То, что они увидели вокруг, было просто до непостижимости. Упитанные, – чуть ли не тучные, – лоснящиеся черные коровы с чудовищным выменем, только что не волочащимся по земле, первобытно-жирные свиньи в неказистых, но чистых свинарниках. Низкорослая, но неимоверно густая, с тяжелым колосом пшеница. И техника, – с виду, – самая немудрящая. И – нигде ни единой безобразно-раздолбанной колесами колеи, полной жидкой грязи от недавних дождей. Это все было как раз вполне-вполне понятно: все просто-напросто как надо, ПРАВИЛЬНО, без видимых сверхисхищрений. Другое дело, что наглядевшись на все это, – видевшие переставали понимать, – почему во всех других местах все это совершенно невозможно? Почему все африканские слоны ушли на пенсию по поводу грыжи, нажитой при попытке поднять это самое сельское хозяйство? Ведь это же так про-осто!
– Так, гости дорогие, так как я хозяин все-таки, я как хозяин обязан вас удивлять: шашлыков не будет. И свиньи, зажаренной на вертеле – пока тоже. Это потом, ежели желание будет. А предлагаю я вам устроить что-то вроде дегустации готовой продукции наших… Наших цехов. То, что вы видите перед собой, наша столовая, условно именуемая "Пять Прудов", стол Анна Михална с Анечкой-маленькой уже накрыли, – так что добро пожаловать.
– Вот я не понимаю одного сложившегося обычая: у нас принято поначалу подавать закуски, да побольше, да поразнообразнее, да поострее. Все, понятное дело, набрасываются, наедаются, а оттого так называемое "горячее" оказыватся данью традиции: никто его особенно не ест, а если едят, то через силу… Вот именно на этой теме я и решил построить сегодняшнее застолье.
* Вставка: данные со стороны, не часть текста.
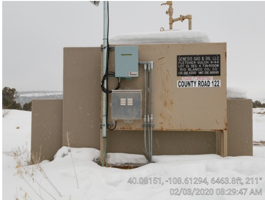
Photo 4. Vegetation next to meter building on 2-3-2020.

Да-а, что говорить, – развернулся он тогда. Хотя, если подумать, – то и ничего особенного. Поначалу – и впрямь продукция. Ветчинки и колбаски шестидесяти сортов, причем таких, которые и в Политбюро не очень-то… Сыры, – сам угощал, а сам ломался при этом, как целка, скромничал, – дело-де новое, не знаем, что и вышло-то… Как будто им было с чем сравнивать его тогдашние двадцать шесть сортов! Пивом с собственной пивоварни угощал! А как же? К тому времени и бумаги оформил, – мол, опытное производство, – и старика-технолога из Куйбышева перетащил. Такого, что еще по-настоящему умел. Так и так, гости дорогие, светлое, темное, двойное, – а вот белое, такого больше нигде не попробуете. Мол, не все нам, труженикам села, водку самогонкой запивать. Ну а там, понятно, дошло и до шашлыков. На холме под открытым небом.
Бессменные Ленчик с Павло колдовали над мангалом ниже по склону, с наветренной стороны, чтобы гости, нагулявшие аппетит на аллеях ночного парка, чуяли запах жарящейся на углях отборной баранины, вымоченной по всем правилам, со всеми ухищрениями древнего шашлычного искусства. А заодно – не отсвечивали тут, на глазах дорогих гостей.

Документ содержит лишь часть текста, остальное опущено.